Whenever the value of something is below the cost of production there is a net loss to society. Think about how the government is spending $787 billion in bailout money with no accountability, keeping in mind that government consumes wealth -- it doesn't produce wealth. Could this be why the stock market is down 50 percent and jobs are rapidly disappearing?

When Congress thinks it makes sense to pay a dime for a nickel you can see why it thinks coercing banks to make loans to people without money, bailing out banks, and then requiring banks to write down home loans below cost -- might make sense.

When Congress thinks it makes sense to pay a dime a for nickel you can see why it thinks spending millions of dollars on windmills and solar panels that cost far more than the energy they produce -- might make sense.

When Congress pays a dime for a nickel you can see why it thinks coercing bankrupt car manufacturers into building hybrids costing more than buyers are willing to pay and building mass transit systems that cost more than can be repaid through fares -- might make sense.

Some people call this socialism. Margaret Thatcher pointed out the principle problem in paying for socialism is that eventually you run out of other people's money.

The $787 billion stimulus bill that President Obama signed will cost more than a trillion dollars with interest. Congress had less than 24 hours to read it. Think about this for a minute: more than a trillion tax dollars being spent and virtually nobody read the bill. Do you think the members of Congress would have been more careful if they were spending their own money, instead of yours?

There are more than 1,000 pages in the American Recovery & Reinvestment Act, filled with bounty for cities, states, counties, corporations, unions, and others too numerous to name who are lined up for "their" share of the fishes and the loaves. How many of these trillion dollars do you think are actually going to end up in the hands of people who produce wealth and create jobs?

Ever since John Maynard Keynes theorized that recessions can be overcome by massive government spending, politicians have felt they have legitimacy to spend other people's money. Keynes argued in his General Theory of Employment, Interest and Money that when government spends money each dollar is worth two and a half dollars because of the "magical" multiplier effect. And politicians who will pay a dime for a nickel don't need much persuading.

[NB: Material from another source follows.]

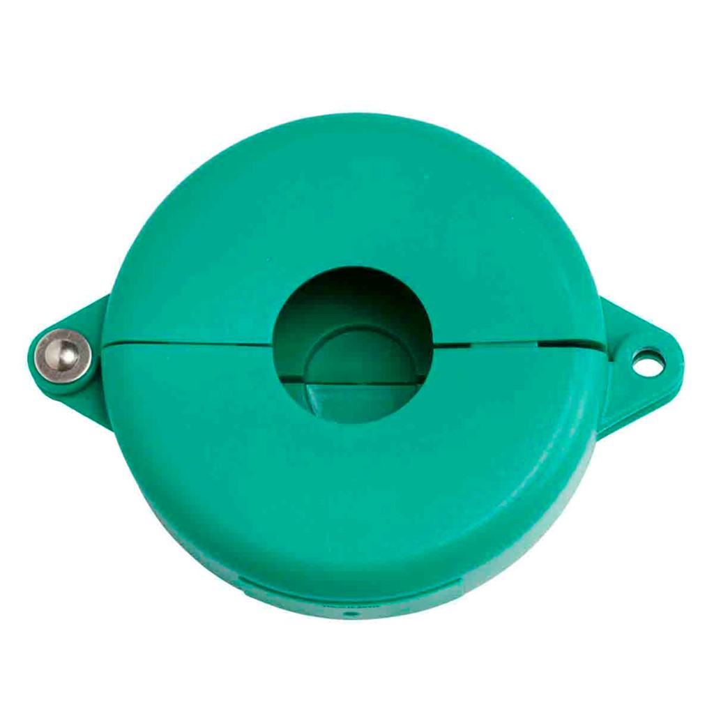 65596 Dispositivo de bloqueo para válvulas de compuerta, de polipropileno color verde, con bisagra. Rango de diámetro de la rueda de la válvula 2.5-5 IN. Dimensiones de 2 in H x 7.28 in W x 5.2 in Dia x 1.99 in D.

Politicians love spending money. It's in their genes. Also, it doesn't hurt that government spending can be translated into votes. After all, the billions being spent is income to somebody and recipients can be counted on to vote for whoever promises them the most.

The biggest hurdle to overcome in Keynes's theory, however, is that for every dollar the government spends it must first tax a dollar -- or borrow a dollar from the private sector -- and hence for each visible job the government creates an unseen job is lost. Many economists today, contrary to Keynes, conclude that when you pay a dime for a nickel, government spending results in a negative multiplier. After "S&H" (shipping and handling) is deducted, there is actually less money to stimulate the economy.

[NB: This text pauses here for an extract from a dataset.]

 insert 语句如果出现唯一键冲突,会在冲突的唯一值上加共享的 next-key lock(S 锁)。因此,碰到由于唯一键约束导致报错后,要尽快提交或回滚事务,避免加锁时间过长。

Congress is claiming it wants to put money into the hands of consumers. Virtually everyone who passed the 10th grade understands the most effective way to do this is immediately stop withholding taxes from paychecks and the very next payday there will be more money to spend. The same applies to business. Cut taxes: a direct approach.

Aha, but here's the rub. Congress thinks it knows that not everyone will spend the money. Congress believes it knows out of the 138 million taxpayers who will and who will not spend money in the manner Congress wants. So, it makes sense for government to first collect taxes, deduct an S&H charge, and send what is left to be spent by "politically correct" consumers/voters.

Yet government doesn't have the ability to survey the billions of decisions made daily by consumers and act upon them in a timely manner. The changing factors that have to be taken into consideration between supply and demand are so numerous that it becomes impossible to take them all into account. This is what the price system does in a free market economy and which no other system can possibly accomplish. As Nobel laureate F.A. Hayek pointed out in The Road to Serfdom, " the price system enables entrepreneurs, by watching the movement of comparatively few prices, as an engineer watches the hands of a few dials, to adjust their activities to those of [the market]."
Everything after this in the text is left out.